Sometimes it really is the simplest concepts that make for the best games. Take Robot Wants Kitty, for instance. There's a robot and a cat. The robot really wants the cat. Like, really wants it. But there's a snag. The cat is stuck at the end of a hallway which has been bricked over by monsters. Why did they do that? They're just assholes, I guess.
When the game begins you're not able to do much more than run left and right. You don't even have the ability to jump, so all you can do at first is try to avoid the baddies completely. Fortunately there's an upgrade that gives you a spring in your step not too far away; others are dotted around the large, labyrinthine level and you'll need every one if you're going to rescue that kitty. Better get a move on, though, because time is of the essence and your score is dependent on how quickly you can complete the game. The bad news is that dying adds twenty seconds to your final time. The good news is that you can cut a second for every monster you kill with the laser upgrade.

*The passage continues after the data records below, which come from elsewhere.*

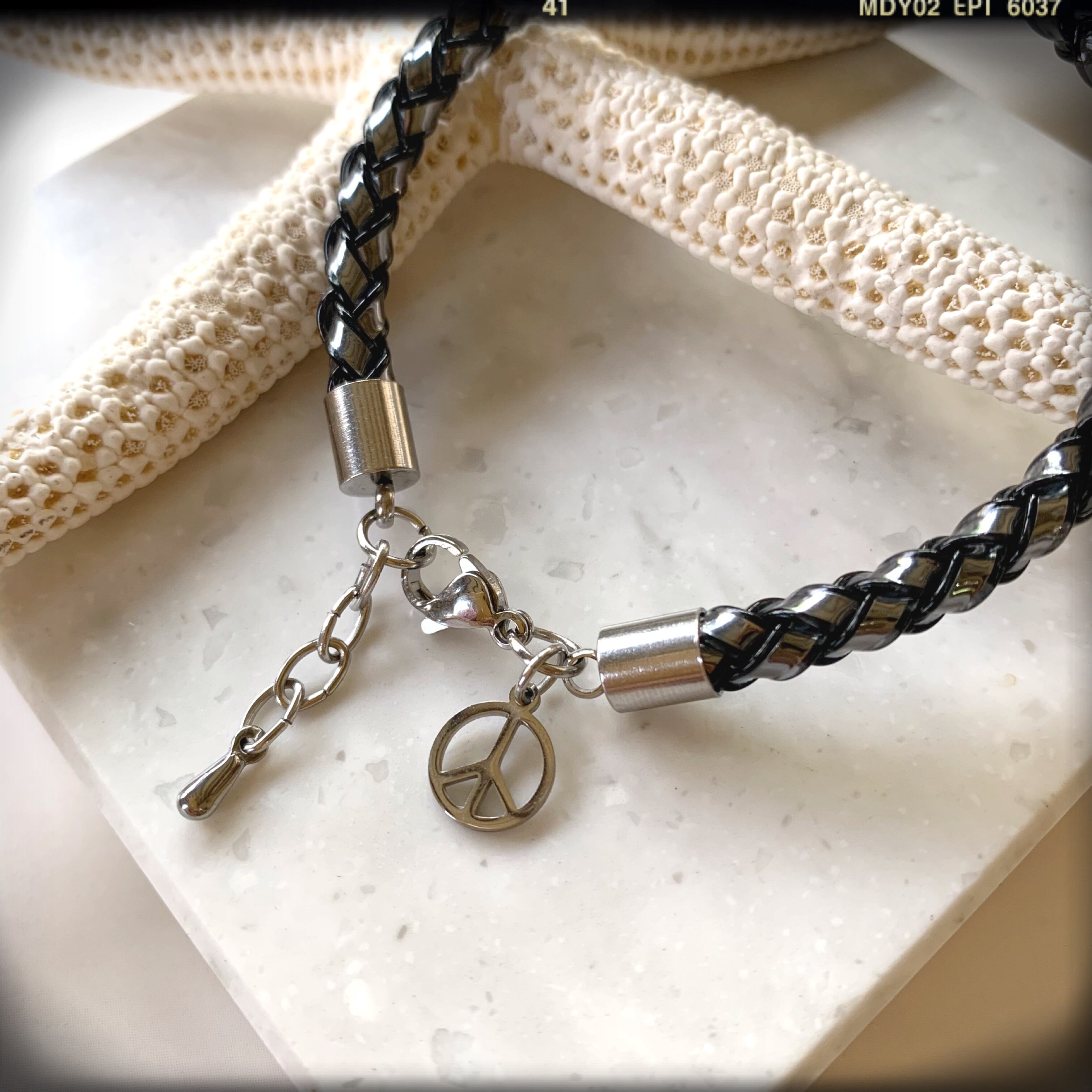 濡れてok!アレルギー対応サージカルステンレス防水ブレスレットブラックメタル★黒 グレー メタリック 手編み オリジナル メンズ レディース ユニセックス お揃い ペア ハンドメイドアクセサリー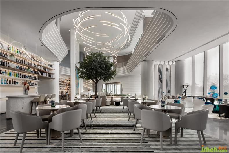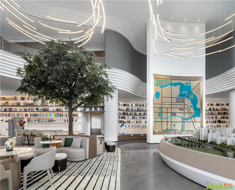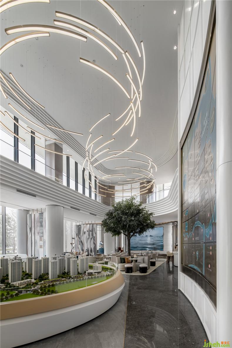 銜接一二層之間的是一盞巨大的藝術(shù)吊燈,橫貫洽談區(qū),以水波紋為設(shè)計(jì)靈感,用藝術(shù)的手法,抽象的表現(xiàn)水流形態(tài),給人留下視覺震撼。以水便以水為媒介,藉由自然光影與建材紋理, 捕捉水波的藝術(shù)姿態(tài),注入設(shè)計(jì)理念, 并將其貫穿在空間當(dāng)中,讓人留住當(dāng)?shù)氐乃洃洝?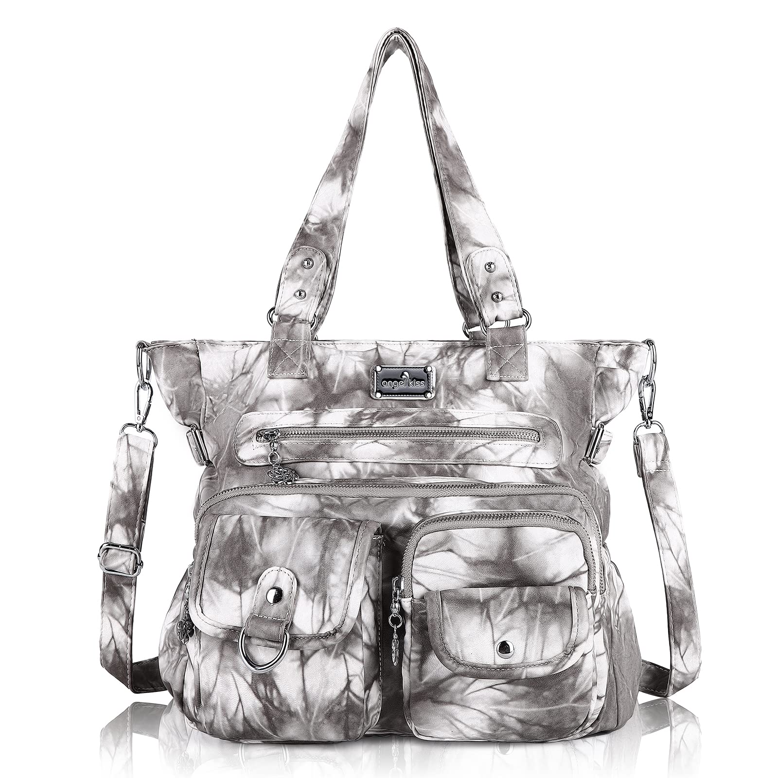 Quality Material: Ultra-soft washed PU leather Hobo handbag with fabric lining and high quality zipper. Waterproof, anti-scratch, also easy to clean. Both fashionable and practical handbag for women. Large Hobo Bag for Women Size:13"4.8" 12"(L W H) , short handle height :11",Casual style good for everyday use, it is a large purse for women Hobo Bag Structure: This women hobo purse and handbag contains 4 front zipper pockets, convenient Side pocket , 2 slot pockets inside, 1 inner zipper pocket, 1 back anti-theft pocket to protect your valuables, 2 large compartments can easily hold your daily items like iPad, umbrella, wallet and cosmetics etc. Large purses and handbags for women. Functional Shoulder Handbag: Comes with a crossbody strap for versatility which can be used as women tote handbag, top handle handbag or hobo crossbody purses handbag. Various Usage can fit you everyday different outfits and occasions. Perfect for those sunny days when carrying a handbag is not an option. Perfect Gift: This hobo PU leather shoulder handbag is the perfect combination of fashionable and durability. Perfect for Christmas Day, Valentine’s Day, Thanksgiving Day, Mother’s Day, Spring Festival, Birthday etc as a thoughtfully gift idea for your mom, wife, lover, friends. Angel Kiss Purses for Women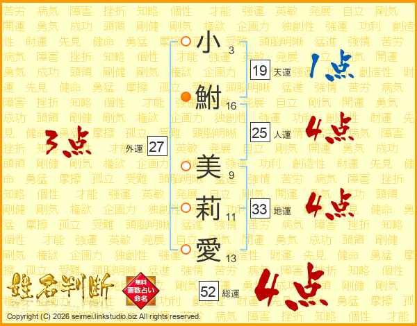小鮒美莉愛さんの総運は52画の4点!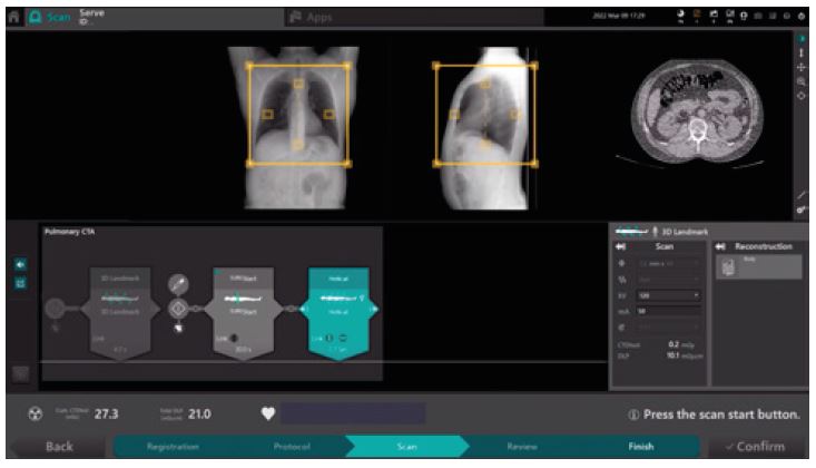 Це, у поєднанні з виявлен-ням анатомічних орієнтирів (Anatomical Landmark Detection), може точно ідентифікувати анатомічні структури, необхідні для виконання автоматичного планування сканування для всіх рутинних обстежень. Крім того, діапазон сканування та поле зору можуть бути автоматично встановлені в положення, яке попередньо визначено в протоколі сканування, щоб заощадити час, забезпечуючи при цьому узгоджені результати для всіх клініцистів.

As if I ever needed a reason to shoot red monsters with a laser gun. But once you've got the laser in your little metallic paws none of the beasties are particularly troublesome, allowing you to figure your way around the many twists and turns of the level as you try to locate keys, upgrade your system and get to that cat.
Which isn't to say Robot Wants Kitty becomes a cakewalk as soon as you have some firepower. You still need to watch your step, lest you fall into a pit of boiling acid or get caught off guard by a roaming monster. But checkpoints have been kindly placed throughout the game to save you having to march all the way across the level to get back to wherever it was you died. Other games should take note of this - it saves time and keeps the player from screaming curses to your good name late into the night.
Don't tell me I'm not the only one who does that because I'm not.
The look and feel of the game is charmingly retro, with clunky 8-bit graphics and a plinking MIDI soundtrack that amazingly doesn't make one want to swallow their own tongue in annoyance. I will admit that if you don't pay attention you can get the controls mixed up; on more than one occasion I rocketed towards an enemy when I had planned to vaporise it. If you ever kicked back on a Spectrum or Amstrad, however, Robot Wants Kitty should bring back fond memories.
Death is naturally inevitable and, to be honest, some areas just set you up to fail. For example, don't shoot at the giant multi-eyed blue blob that spits laser bubbles into the air. Just don't do it. You can't kill it, even with rapid-fire shots. You're just going to piss it off and then it's going to crush you. Likewise, the ceiling decked out in acid-spitting stalactites is just taking the piss. You can get through there with a rocket pack but if you don't figure out the almost non-existent pattern of drops you'll be melted before you ever get close to the other side of the room. And no, you don't have to run through that room, but what are ya, chicken?
Still, it's all worth it when you reach that end game scene and see the robot happily hugging his kitty. Squeezing it ever so tightly, kitty's eyes bulging out of its sockets... um, maybe we should take the kitty away from the robot? We can't? The lasers? Oh, right.
So, yes, Robot Wants Kitty - proving once and for all that even metal men are capable of love.